Even some of the friends I thought I’d lose went out of their way to tell me they weren’t going anywhere. These people listened to me cry and told me which cars and apartments they liked better from my zillion screenshots. They traveled to see me. They checked up on me daily. They showed me I was the furthest thing from alone.
My coworkers were incredibly understanding, supportive, and flexible with me. My Her Track family sent me enough inspirational quotes to write a whole separate article. And I even found myself connecting with my faith in ways I hadn’t in a long time, only further resonating the fire in my soul that tells me I am never alone.
I also got to do a lot of much-needed traveling (more to come on that article-wise) that opened my eyes to how big and beautiful this world really is, even if it felt like my world completely fell apart. The rest of the globe kept spinning, and in it are so many incredible human beings, some of which I was fortunate enough to meet during my adventures all over Europe. Those brief encounters and connections gave me an immeasurable amount of hope. Because I still believe that people are good no matter how much they hurt you.

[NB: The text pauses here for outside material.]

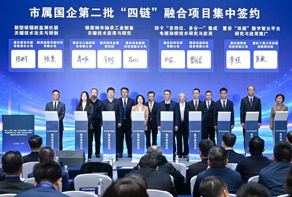 為深化“四側”高效協同,推動市屬國企“四鏈”深度融合,3月31日,重慶市國資委聯合重慶市教委、市科學技術局、市經濟信息委、市人力社保局共同舉辦市屬國企第二批“四鏈”融合項目發布暨重點項目簽約活動,現場發布100個“四鏈”融合項目。

So, yes, I’ve lost a lot. And trust me when I say that knife is still very much wedged into my chest cavity, digging in at different depths depending on the day and new adversity I face with all of these changes.

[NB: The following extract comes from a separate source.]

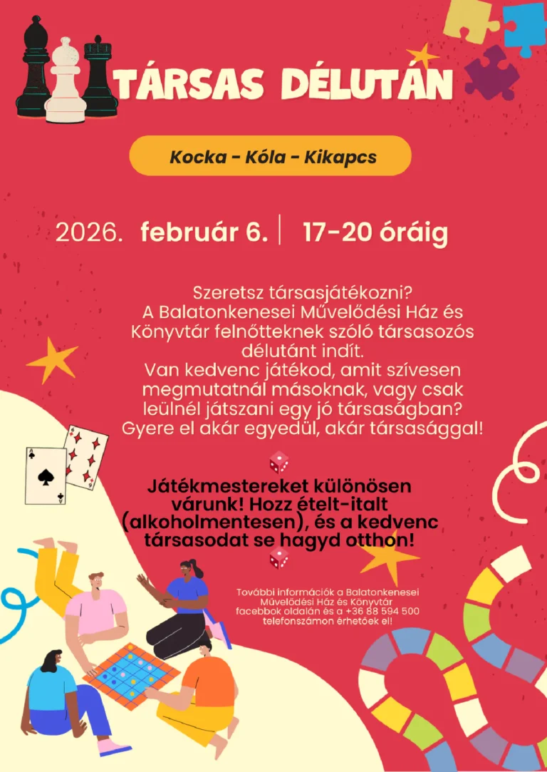 Kocka, kóla, kikapcs…Társasjátékozni még a felnőttek is szeretnek! Várunk február 6-án délután, ha vágysz egy kis közösségre és szívesen játszol együtt másokkal!

But already I have gained a lot too, mostly in gratitude, strength, and confidence in my own ability to persevere. I also gained the opportunity to start over and discover new parts of myself I may have been neglecting before.

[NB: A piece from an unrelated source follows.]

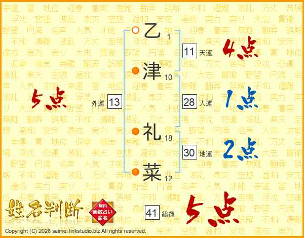 乙津礼菜さんの天運は11画の4点!

The good thing about finding strength, gratitude and humility in difficult situations is that it can heal anger, the poison to your soul. In the past, my response to heartbreak and emotional anguish has been anger. Angry blogs. Angry songs. Angry texts. Angry me.
But being angry isn’t being strong. It’s easier to hate someone for hurting you, and harder to love them (and yourself) enough to let them go. That’s strength, and a strength I didn’t think I had in me until I learned it first hand.
People are people. Life is life. You can’t control who someone is, how they feel, or the decisions they make. You can only control the way you decide to react to it. If life pitches you a curveball and you swing, miss and it hits you straight in the freaking face, it happens. You can’t change it.
All you can do is dust yourself off, get back up and go put an ice pack on your busted up nose before you get the heck back out there. You will heal.
It will take time, and maybe some crying on train platforms, therapy sessions (because please please please don’t neglect your mental health), inspirational playlists, pints of ice cream, and marathon TV sessions. But at the end of it, you’ll know this:
1. You needed to get knocked down, hard, to know how capable you were of getting back up.
2. You needed to lose everything to realize that all you ever needed was inside of you the whole time.
3. You needed to watch your life plan blow up in smoke to know that there was always a bigger plan all along, one that you cannot control.
So if you’re muddying around right now at rock bottom, trying to pick up the broken scraps of your old life, know that you CAN and WILL take those scraps and make them into something beautiful for yourself. The beauty exists in your own recognition of your inner power. It springs from the ashes and shows you not only what you’re capable of doing, but WHO you’re capable of becoming.
Find solace in that. Find motivation in that. And most importantly, find yourself in that. I’m trying to do that right now, and something tells me I am going to keep doing that for a long time.